Gelap juga dianggap sebagai tidak adanya prospek yang jelas bagi
masyarakat Eropa. Keadaan ini merupakan wujud kekuasaan agama, yaitu
gereja Kristiani yang sangat berpengaruh. Gereja serta para pendeta
mengawasi pemikiran masyarakat serta juga politik. Mereka berpendapat
hanya gereja saja yang pantas untuk menentukan kehidupan, pemikiran,
politik dan ilmu pengetahuan. Akibatnya kaum cendekiawan yang terdiri
daripada ahli-ahli sains merasa mereka ditekan dan dikawal ketat.

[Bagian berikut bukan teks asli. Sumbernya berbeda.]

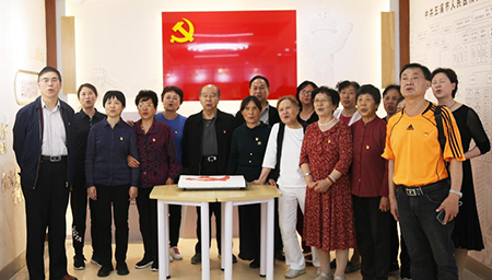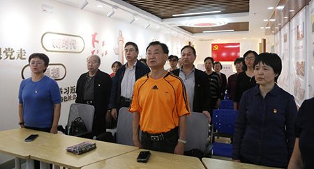 两位在4月入党的老党员在这次主题党日活动中分别渡过他们52周年、35周年的政治生日,并获得支部赠送的政治生日卡。最后,大家面向党旗,诵读党章(节选),并举起右手,重温入党誓词。

Pemikiran mereka pun ditolak dan timbul ancaman dari gereja, yaitu siapa
yang mengeluarkan teori yang bertentangan dengan pandangan gereja
akan ditangkap dan didera, malah ada yang dibunuh. segala keputusan
pemerintah dan hukum negara tidak diambil berdasarkan demokrasi di
parlemen seperti ketika zaman kekasiaran Roma. Keputusan tersebut
diambil oleh majelis dewan Gereja. Tidak setiap individu berhak
berpendapat, karena pada zaman itu yang berhak mengeluarkan pendapat-
keputusan adalah para ahli agama. (lihat perilaku kaum Salafy yang kini
justru meniru mereka) Bahkan segala sesuatu yang bertentangan dengan
penafsiran dewan gereja merupakan pelanggaran hukum berat.
Akibatnya setiap inovasi yang berasal dari kaum ilmuan selalu digagalkan
oleh dewan gereja. Ya itu tadi pokoknya bila dewan gereja tidak paham dan
tidak memiliki dasar argumen yang kuat di dalam injil maka inovasi
tersebut merupakan perkara pelanggaran agama berat. Salah satu yang
menjadi korbannya adalah Nicholas Coppernicus yang berakhir tragis
akibat teorinya yang mengatakan akibat terlalu banyak intervensi dewan
Gereja pada sendi-sendi kehidupan, termasuk juga pelarangan terhadap
temuan maupun inovasi baru yang tidak ada pada injil maka akhirnya
terjadi stagnasi secara multi dimensi yang lambat laun berimbas pada
timbulnya krisis multi dimensi

Skolstisisme adalah nama sebuah periode pada yang dimulai sejak abad ke-9 hingga abad ke-
15. Masa ini ditandai dengan munculnya banyak sekolah (dalam bahasa Latin schola) berbasis
keagamaan dan banyak pengajar ulung menganalisis pemecahan masalah dogmatis secara
rasional. Selain itu, skolastik juga merujuk pada metode keilmuan tertentu berbasis dogmatika
rasional untuk memecahkan diskursus keilmuan melalui nilai-nilai spiritualisme Barat. Ciri dari
metode skolastik adalah kerasionalan dari apa yang dihasilkan.